The importance of sound information security is a clearly understood maxim throughout government and business. Even as firms turn to outside vendors for solutions (e.g., Salesforce.com for Contact Relationship Management), they continue to place emphasis on stringent security requirements. But this field finds itself on the defense on several fronts. A survey by Ernst & Young conducted in 2003 “questioned whether organizations use their IT security budgets effectively. Nearly 50 percent of respondents admitted that their security spending is not closely aligned to their business objectives” (Goodwin, 2003). This is a fundamental problem, which is independent of economic circumstances. However, bigger the budget might be, it is the responsibility of professionals to manage it effectively to support the business. If it is not aligned effectively when times are good, it will be even worse when economic stress is applied. The results of this study are perplexing; they suggest that it is the department personnel and leadership who are pursuing projects “not closely aligned to business objectives,” yet other data indicates that information security woes are a direct result of funding issues. To that end, “pressure to cut IT budgets is now the biggest obstacle to effective information security, a survey of 1,400 IT executives around the world has revealed” (Goodwin, 2003). The challenge for the information security specialist, consultant, and manager is to engage in a continuous evaluation of his projects and objectives to ensure that they are aligned constantly with business priorities and be agile where needed. A time of economic crisis—as the IT department is led to the proverbial guillotine—may serve as the critical catalyst that forces difficult but ultimately productive decisions.

References

Computer Weekly.

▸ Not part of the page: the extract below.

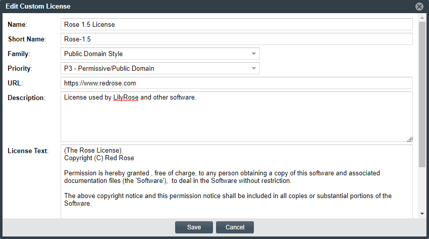 - From the Edit Custom License window, update the license properties as needed. For property descriptions, see Custom License Properties.

IT budgets set to defy the worst predictions for 2009. Computer Weekly, p. 9, January 20, 2009.

Flinders, K. Beware hidden costs of IT budget cuts. Computer Weekly, p. 8, April 7, 2009.

Grant, I. Untitled. Computer Weekly, p. 66, October 12, 2010.

Gross, G. Bush plan calls for more IT spending. ComputerWorld, p. 19, February 14, 2005.

Heires, K. Focusing on budget cuts. Securities Industry News, pp. 9–10, June 15, 2009.

Hume, L. Donaldson: ’06 budget will force technology, hiring slowdown. The Bond Buyer, p. 5, March 14, 2005.

Manning, A. Technology is productivity. Modern Materials Handling, p. 10, December 2008.

Singh, M., Nath, S., and Walvekar, R. IT sourcing trends in the current market. Infosys Technologies Limited, pp. 17–19, January 2009.

Thibodeau, P. Cutbacks could be causing IT outages. ComputerWorld, p. 8, August 17/24, 2009.

Wagner, M. Hard-hit industry makes deep cuts in IT. InformationWeek, p. 89, September 14, 2009.

Weston, R. Don’t let budget cuts jeopardize progress, InformationWeek, 2001.

Weston, R. Cost cutting: When less equals less. InformationWeek, September 2, 2002.

Wettemann, R. With recession in the air, don’t just cut and react. InformationWeek, p. 64, March 3, 2008.

* The reader might recall that 2005 hardly marked a year of significant economic recovery since 11 September 2001.